Lions can jump 15 feet high, 40 feet long and run up to 50 mph.



The odds that police will solve a shooting are low and dropping. Homicides and assaults carried out with guns lead to arrests about half as often as when the same crimes are committed using other weapons or physical for. The odds of an arrest are particularly low when victims survive, in part because those crimes tend to be assigned to detectives whose caseloads are exponentially higher compared to their colleagues in the homicide department, who are often overburdened themselves. The chances are even lower if the victims are people of color. When a black or Hispanic person is fatally shot, the likelihood that local detectives will catch the culprit is 35% — 18 percentage points fewer than when the victim is white. For gun assaults, the arrest rate is 21% if the victim is black or Hispanic, versus 37% for white victims.

These are just numbers; the factors are myriad.
 
The public phone calls after the SOTU were a strong argument against the idea of democracy. One girl from Pittsburgh called and thought that opposition to nine month abortion implied a violation of the separation of church and state.

Priest, of Epoch Investment Partners, summed up the social issue raised in Barron's Roundtable: “Democracy flowers when living standards are rising alongside it. But when you simultaneously challenge social norms and many of the values that anchor people—a sense of home, job security, and the prospects for growth—and amp it up with social-media networks, you get serious blowback.”

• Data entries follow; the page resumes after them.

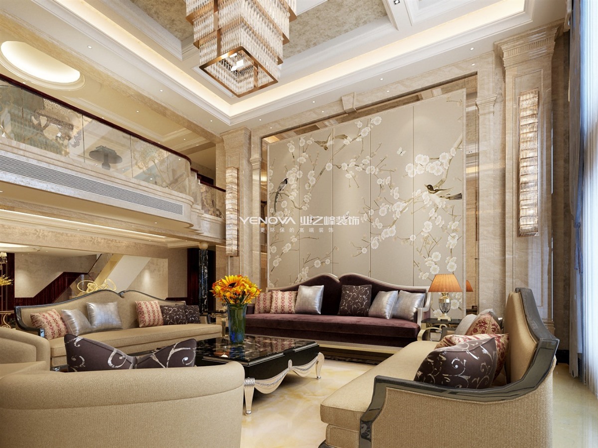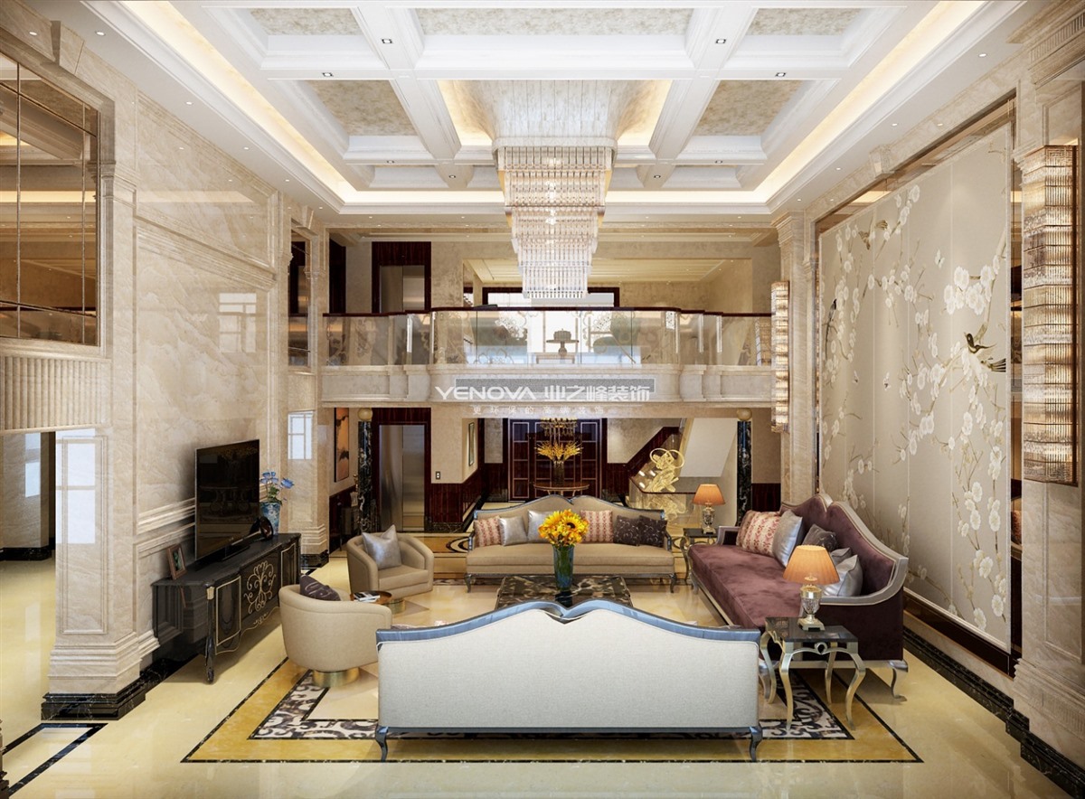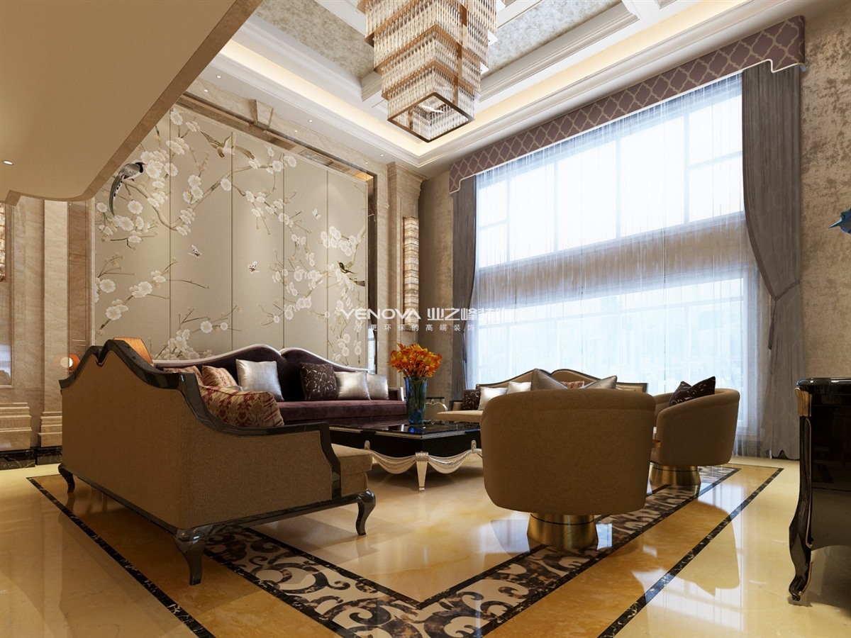 本案为1000平米别墅,风格定为新古典设计,在平面设计规划上着重追求空间的高挑和实用性。在满足功能齐备的前提下,做到空间的通透增加互动性。效果方面整体以石材为主,结合黑檀木质墙板加之墙面卡其色艺术涂料。配以跌级吊顶营造殿堂级视觉效果。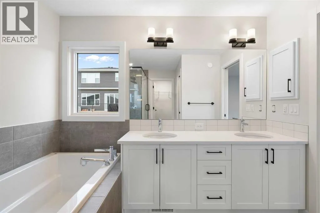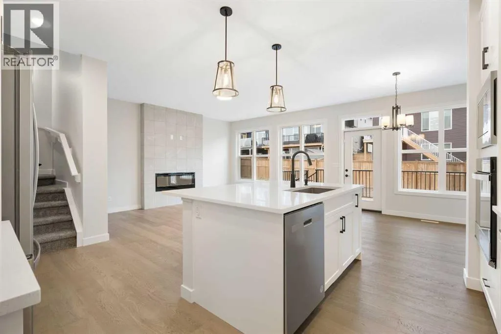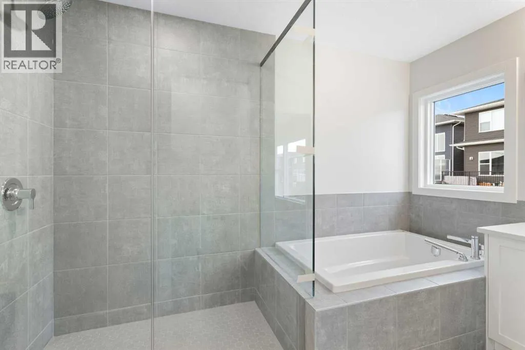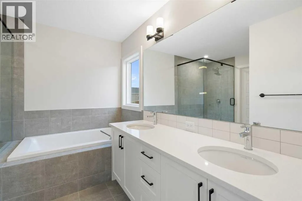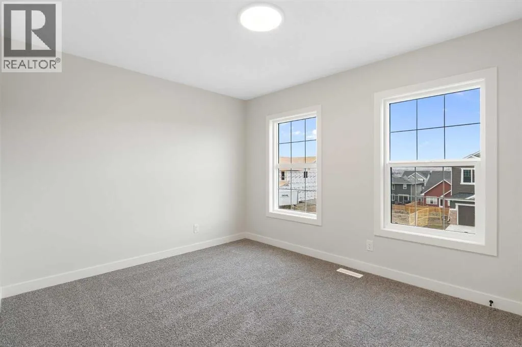 Welcome to your new home in the boutique community of Rivercrest in Cochrane! Built by Trico Homes, this stunning 3 bedroom home is bright, welcoming and has the perfect layout. Upon entering, you'll find a spacious main floor flex room, ideal for a home office, study, or kids playroom. Continuing into the main area, youâre greeted by the large full wall of windows to enjoy amazing sun from your south facing backyard. Your open concept kitchen is complete with a built-in stainless steel appliance package including a gas range and additional drawers, hello storage! Enjoy cooking with ample counter space, a large pantry and spacious island; perfect for your kids to enjoy breakfast or entertain. An inviting electric fireplace adds warmth and coziness to your living room making it perfect for relaxing evenings. Heading upstairs you are greeted by a spacious & centrally located bonus room perfect for family movie nights or kids play space. Your primary suite is spacious & complete with a luxurious ensuite including double sinks, drawers for storage, upgraded tile shower and soaker tub. Conveniently situated just off your ensuite, is your spacious walk-in closet. Enjoy a full upstairs laundry room complete with additional storage and space to hang your clothes. The kids wing of the home is complete with two well appointed spare rooms with walk-in closets and a full spare bath with quartz countertops. In the basement you will find a separate side entrance, 9â foundation, 3-piece bathroom rough-in and 2 basement windows perfect for your future development. Outside, enjoy the full day sun on your back deck and spacious 38â wide future yard. Rivercrest is a quiet boutique community with stunning mountain views and a future school site. Enjoy getting to know your neighbours, on a quiet street and convenient access to everything Cochrane has to offer! Living here means convenient access to Calgary, minutes from Spray Lakes Recreation Centre & downtown Cochrane! You have everyt hing Cochrane has to offer right at your doorstep. Donât miss the opportunity to move into your new home before Christmas! *Interior photos are representative to a previous build, please get in touch for more details on the interior finishes of this home.* (id:27476)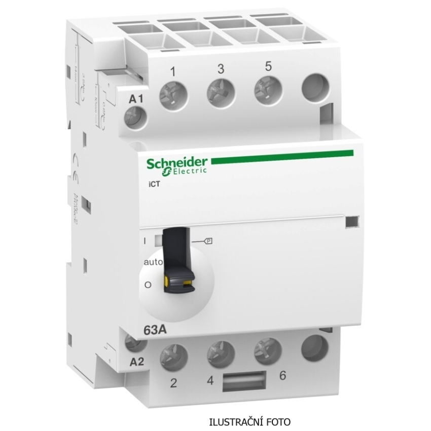 Toto Acti9 iCT je modulární stykač. Zařízení pro dálkové a manuální ovládání 3P s 3 normálně otevřenými kontakty. Jmenovitý proud je 40 A pro AC-7a a 15 A pro AC-7b. Hodnota provozního napětí Ue je 400 VAC. Řídicí napětí Uc je 220 V stř. až 240 V stř. Toto zařízení lze použít pro ovládací obvody. Toto zařízení lze použít pro dálkové spínání osvětlení, malé motory (ventilátory, mixéry) nebo HVAC systémy. Je kompatibilní se všemi pomocnými zařízeními klimatizace Acti9, pro aplikace osvětlení, vytápění a ventilace. Tento produkt je v souladu s normou IEC/EN 61095. Elektrická životnost až 100 000 cyklů pro AC-7A nebo ACU-1 30 000 cyklů pro AC-7C, AC-7B, AC-3, AC-5A nebo AC LC-5B Maximální počet sepnutí je 100 za den. Jmenovité izolační napětí Ui je 500 VAC. Impulzní výdržné napětí Uimp je 4 kV. Stupeň znečištění je 2. Lze ji upevnit na lištu DIN. Jeho šířka je 6 náklonů 9 mm. Barva produktu je bílá (RAL9003). Rozměry jsou (Š) 85 mm x (V) 54 mm x (H) 60 mm. Podle normy IEC 60529 je stupeň ochrany ve skříni IP20 a IP40. Provozní teplota je od -5 °C do 60 °C. Skladovací teplota je od -40 °C do 70 °C.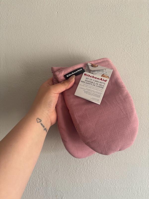 These Kitchenaid mini oven mitts are great. I love the color and the size. Excellent quality. They are perfect to keep my hands from burning when I’m baking but they don’t go so far up my arm.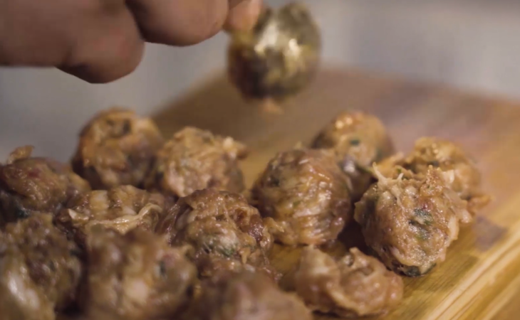 作为1927年创立,在福州传承了90多年的老字号小店,秋官郎还创下过2018/2019年两届吉尼斯世界纪录——世界上最大的鱼丸。 不要觉得最大鱼丸很简单,实际上因为鱼丸体积巨大,制作工艺也非常复杂和精细,皮和馅需要分离制作,鱼丸浆体温度需要控制,包裹鱼丸馅过程的技术要求更高,难度之大到除了需要四个资深鱼丸制作师傅纯手工制作外,同时还需要六个鱼丸制作师辅助才能完成。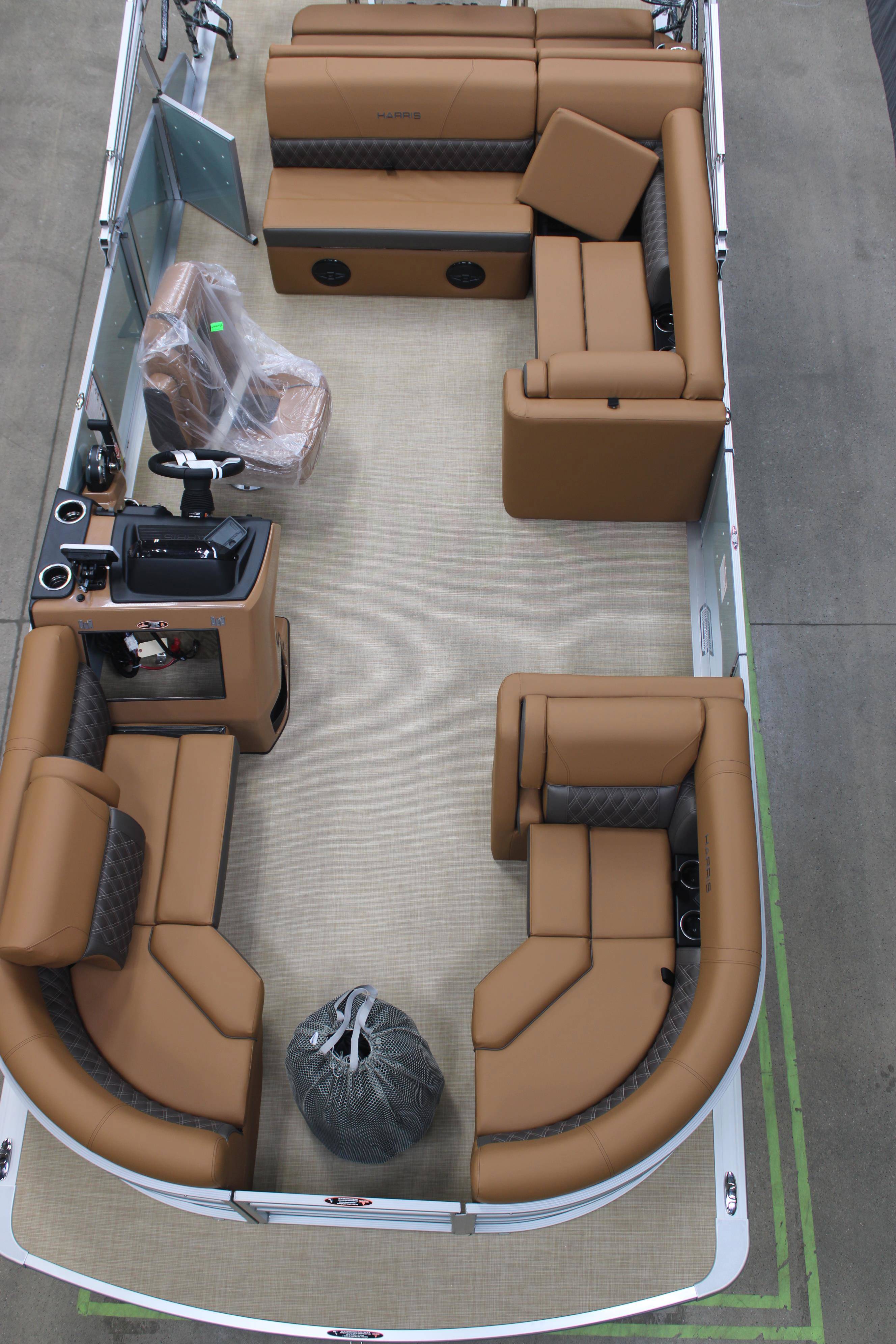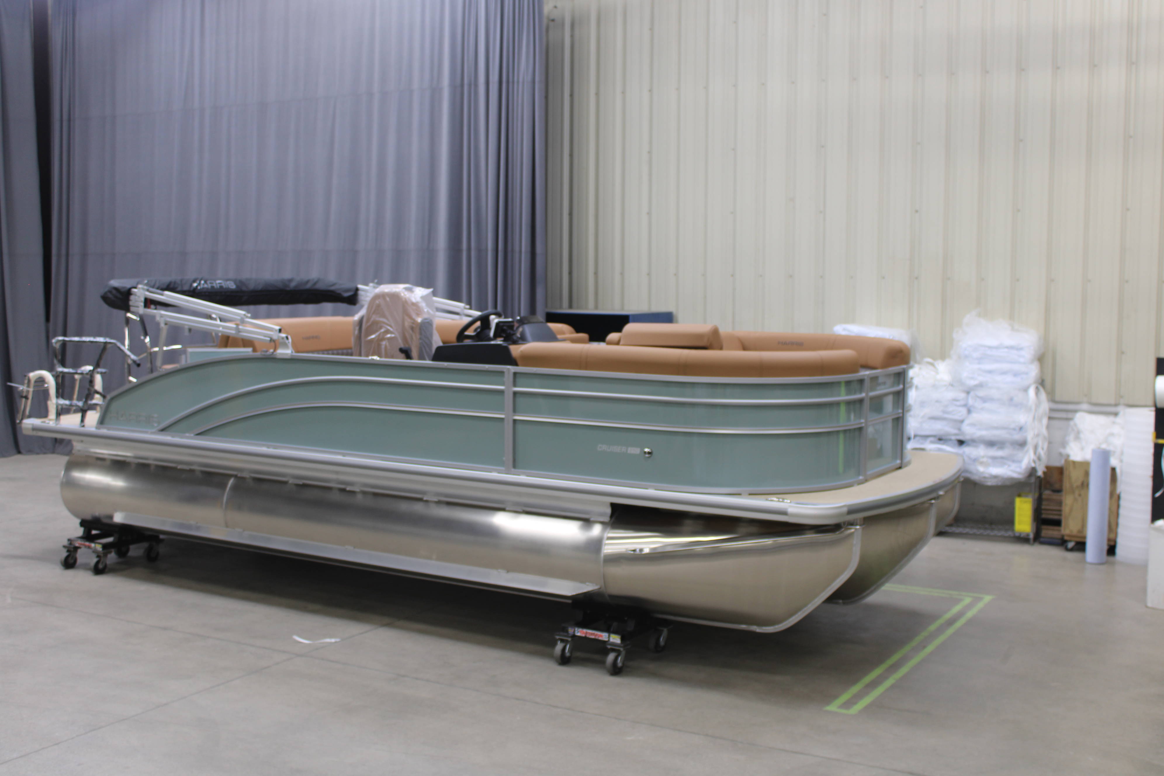 2026 Harris 210 Cruiser with a CS floorplan and powered by a Mercury 150L 4S!Factory Installed Options:Exterior- sage greenInterior- luxury chestnut brownLuxe package325 chassisBlack bimini canvas4 step telescoping stainless steel ladderStainless steel ski tow barUltra lux high back helm seatDesert beige seagrass flooringWireless mobile phone chargerEagle fish finderWetsounds 400Stainless steel cupholdersSafety railLuxury sport woodgrain table

The Virginia governor for Kavanaugh! ‘‘Iphigenia for Helen!’’ "Agamemnon for Iphigenia!" "Clytemnestra for Agamemnon!"

College funding in the U.S.I is privately funded. In the US 69.7 percent of 2018 high school graduates enrolled in college. However, slightly over half will graduate.
  • In Germany, where college is tuition wavered, 29.3 percent of high school graduates enrolled in college. Germany has a quota system, Numerus Clausus, which results in system where competition is high; students must be at the top of their class. So, the government does pay for college, but only pay for the best.